This week, lots of attention in the Russian media was paid to the FIFA World Cup, which opened in Moscow on June 14. In the meantime, Vladimir Putin appointed his new administration, keeping most of its former employees, with a few curious exceptions. Finally, the U.S. Treasury sanctioned a small group of Russian entities for conducting cyber operations, but the effects of these measures are yet to be seen.

 

 Russia's Denis Cheryshev scored two goals in the 2018 FIFA World Cup opening match against Saudi Arabia. Photo: Valery Sharifulin | TASS.

 

  1. World Cup Show

With the 2018 World Cup in full swing as of June 14, experts weigh in on the significance of the championship for Russia.

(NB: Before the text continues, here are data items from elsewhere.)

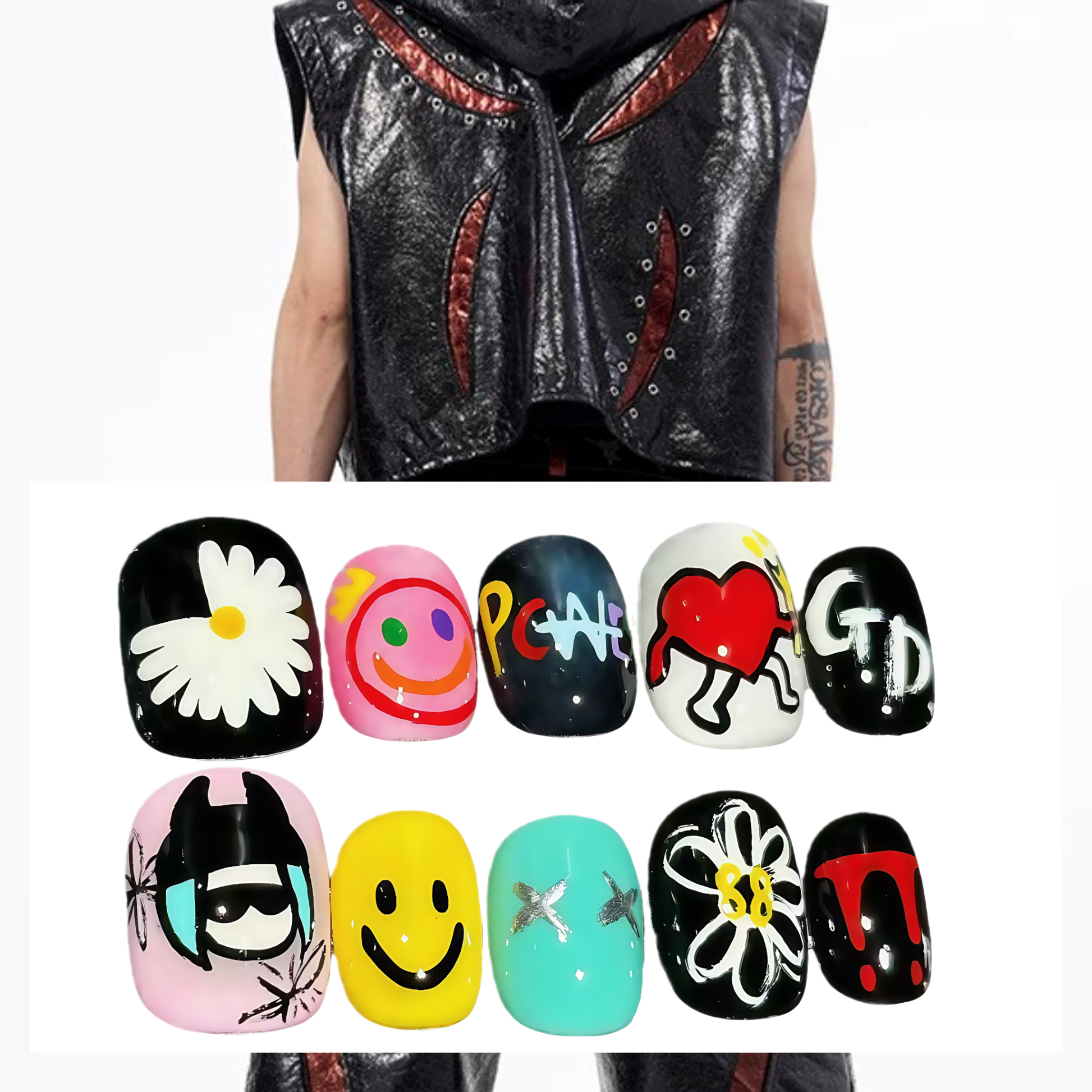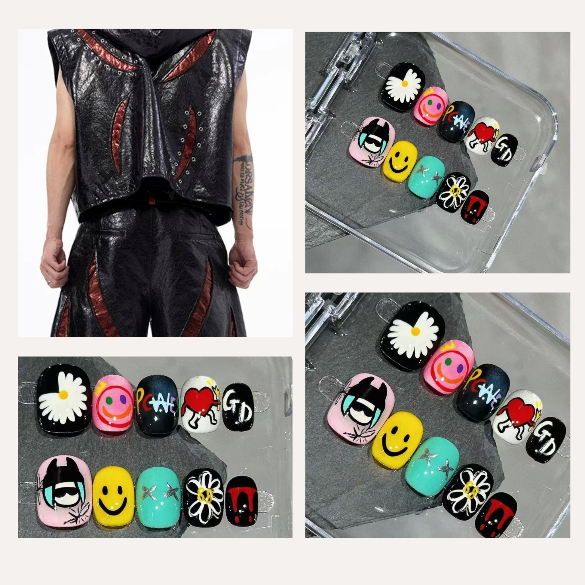 🖌️ Pure Hand-Painted Craft: Each daisy, smiley face, and custom symbol is meticulously hand-painted without additional inlays. This pure artistic approach ensures every nail is a unique expression of urban creativity and individuality.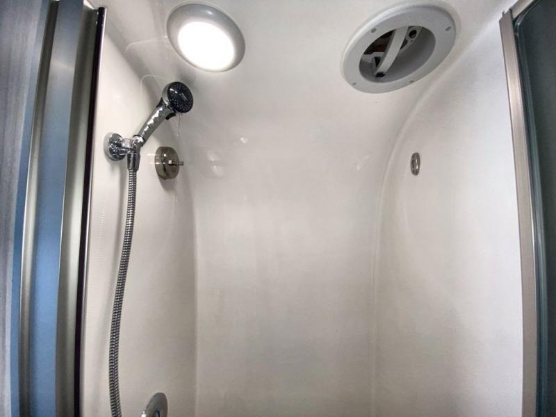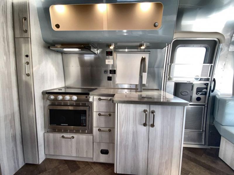 Every time you step foot into the Airstream International travel trailer, you will feel as if you are breathing in a breath of fresh air! The fresh coastal décor was inspired by the waterfront, and the stylish interior delivers a relaxing environment and comfortable luxury. The panoramic windows increase the amount of natural sunlight that streams through to the interior, but they also have blackout shades that you can close whenever you need a darkened room. The beautiful handcrafted Italian Lite-Ply laminated cabinetry is an attractive base for the overhead storage lockers that have sliding doors and LED lighting. The dimmable interior LED lighting will create the perfect amount of illumination for you as you spend time indoors. The exterior has excellent features as well with its enclosed aluminum insulated heated underbelly, unique front door key with heavy-duty deadbolt, optional solar package, solar front window protection, and exterior shower with hot and cold water.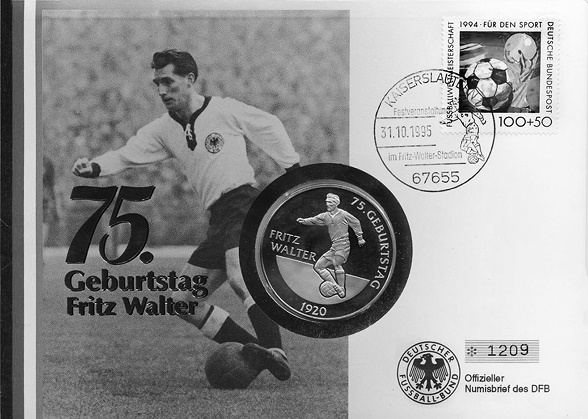 Конверт первого дня в честь 75-летия Фрица Вальтера. 1995

  • Evgenia Albats: Football is the sublimation of war. Even in corrupt regimes, team sports thrive, not least because nationalism is the driving force of football. Paradoxically, for a lot of people, the World Cup is like a utopia—a law-regulated world that cannot be. [New Times]
  • Yevgeny Slyusarenko: Russia was awarded the 2018 World Cup in 2010—before Crimea, Donbass, MH17, Skripal and the Russian doping scandal. Russians should enjoy the carnival, which may be the last bright event in their country for a while. [Republic]
  • Gennady Gudkov: State companies spent around 200 million rubles (more than $3 million) on VIP tickets to the World Cup. Russians and the national budget were robbed once again—it is high time that Russians understand that the state serves the bureaucratic nomenclature, not the people. [Ekho Moskvy]
  • Vladimir Mozgovoy: The Russian national team will look the worst at the championship. For years, Russia has created only the facade of reforms—why should football be any different? [Novaya Gazeta]
  • Darya Korzhova: Goldman Sachs study found that Russia has only a 33.5 percent chance of passing the first stage of the tournament—it will play Saudi Arabia, Uruguay and Egypt, all of which have higher chances of moving forward.
  • As the report reads, “Russian football may suffer from the same shortcomings as the economy: Dutch disease, the excessive role of the state, limited external integration and lack of competition.” [Vedomosti]
  • Editor’s note: with Russia’s team scoring five unanswered goals in the opening match with Saudi Arabia on June 14, Goldman Sachs’ scenario should probably be revised. 

Dig deeper:

  • Daria Baeva: FIFA isn’t only trying to protect the World Cup from counterfeit tickets—it’s also fighting for its trademarks.
  • In December 2017, more than 1,500 products at the seven Auchan supermarkets in Moscow were seized by the Russian police for the illegal use of foreign trade marks. The company was fined 100,000 rubles, but signed an agreement with the International Football Federation in May 2018 to retail licensed products.
  • Other brands have been penalized for using the FIFA logo as well. After producing smartphone cases with the words “Football Moscow ‘18” in Russian, one company found out that FIFA had copyrighted the string of words. [MBK Media]

 

  1. How New Is the Presidential Administration?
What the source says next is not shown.